10.10.14

Vamos esquecer a história que não convém?

In http://www.conservapedia.com/images/e/ee/Stalin-140508_27880t.jpg
Façamos melhor: vamos apagar a história que não convém, aquela de que nos envergonhamos. Porque, ao apagá-la dos registos da memória, conseguimos o milagre de fazer crer que essa história não aconteceu, que foi apenas um pesadelo coletivo. É como se fosse possível ir aos fundilhos do tempo, andar com o relógio para trás e passar uma vassoura pelos protagonistas que nos desagradam. Não interessa que desse modo sejamos juízes impondo os nosso juízos aos outros; assim como assim, somos de uma estatura intelectual superior e o povo precisa de ser guiado como deve ser.
A extrema-esquerda não aprende com as armadilhas que inventou para si mesma. O estalinismo, com as depurações cirúrgicas que iam ao ponto de apagar gente (que passou a ser) incómoda das fotografias, não se despega da espuma do tempo. O mais recente aconteceu no parlamento, quando os deputados das seitas aí filiadas queriam impedir uma exposição de bustos de presidentes da república porque estavam lá retratados os que exerceram a função durante o (que insistem em chamar) fascismo. Ensinemos aos meninos que andam pelos bancos da escola a aprender a história da grandiosa pátria que teve foros de coisa exemplar nos tempos idos: quando nos envergonhamos de episódios que ficaram nos anais da história, viramos a cara para o lado de lá, fechamos os olhos, cultivamos a ignorância, fazemos de conta que aquilo, por tão vergonhoso, não se passou. Tendo origem na presciente e muito tolerante extrema-esquerda, ai de quem chamar a isto censura.

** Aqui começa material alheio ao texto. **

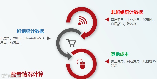 通过生产数据统计表,每班对各累积量进行计算与分析。经计算与分析,准确得出本班实际生产数据,各机组消耗的主蒸汽量、发电量、中低压蒸汽量、动力消耗等。根据各产品单价,计算出投入与产出金额,从而核算出本班实际生产利润情况。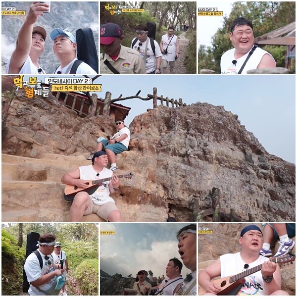 아직도 부글부글 끓고 있는 활화산의 분화구를 바라보던 ‘먹보 형제’는 잠시 ‘말잇못’ 하더니 서울에서부터 매고 온 기타를 꺼내든다. 이어 문세윤은 “그냥 (노래) 한 곡 치고 (기타를) 화산에다 던져버리자”라고 너스레를 떨면서도, 이내 김준현의 기타 연주에 맞춰 완벽하고 두툼한(?) 하모니를 선사해 뚱보 듀오 ‘살색지대’의 탄생을 알린다.

Era como se daqui para a frente cada indivíduo pudesse banir do registo da memória os acontecimentos que molharam a existência com o fracasso, as odisseias de que não se tem orgulho, e nem sequer houvesse lugar ao arrependimento (que, é certo, é perda de tempo). Refazíamos a história nossa como se fosse possível extinguir os episódios que não deviam ter acontecido se o tempo futuro pudesse fazer uma aliança com os acontecimentos passados. Lamentavelmente, os tempos diferentes não têm pontes que os unam. Pertencem, cada qual, ao tempo de que vêm. Ir lá atrás para apagar o que não interessa recordar é mau augúrio: de que somos perfeitos (e ainda bem que não somos) e de que somos engenheiros que cinzelam cirurgicamente o passado em que fomos.

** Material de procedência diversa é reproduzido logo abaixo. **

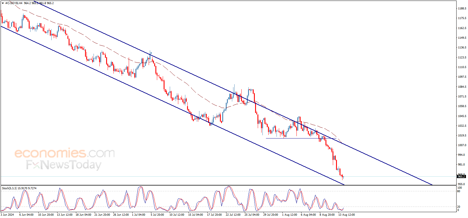 يظهر سعر فول الصويا مزيد من الانخفاض ليقترب من الهدف الجديد المنتظر عند 958.00$، ويستمر بالتحرّك داخل القناة الهابطة التي تدعم استمرار سيطرة الاتجاه الهابط، مع الإشارة إلى أن كسر المستوى المذكور سيدفع السعر نحو 945.00$ كمحطة سلبية تالية.

A extrema-esquerda não aprende a deixar de dar tiros nos pés. Pois recordar os lamentáveis tempos da ditadura não é o melhor seguro para que esses tempos não voltem com o regresso da maré? E recordar esses tempos não é a melhor prova de vida para a extrema-esquerda? Eu cá farei o que estiver ao meu alcance para não esquecer que a extrema-esquerda existiu e continua a existir. Seria demencial fazer de conta que não conta, a extrema-esquerda, para as contas que interessam.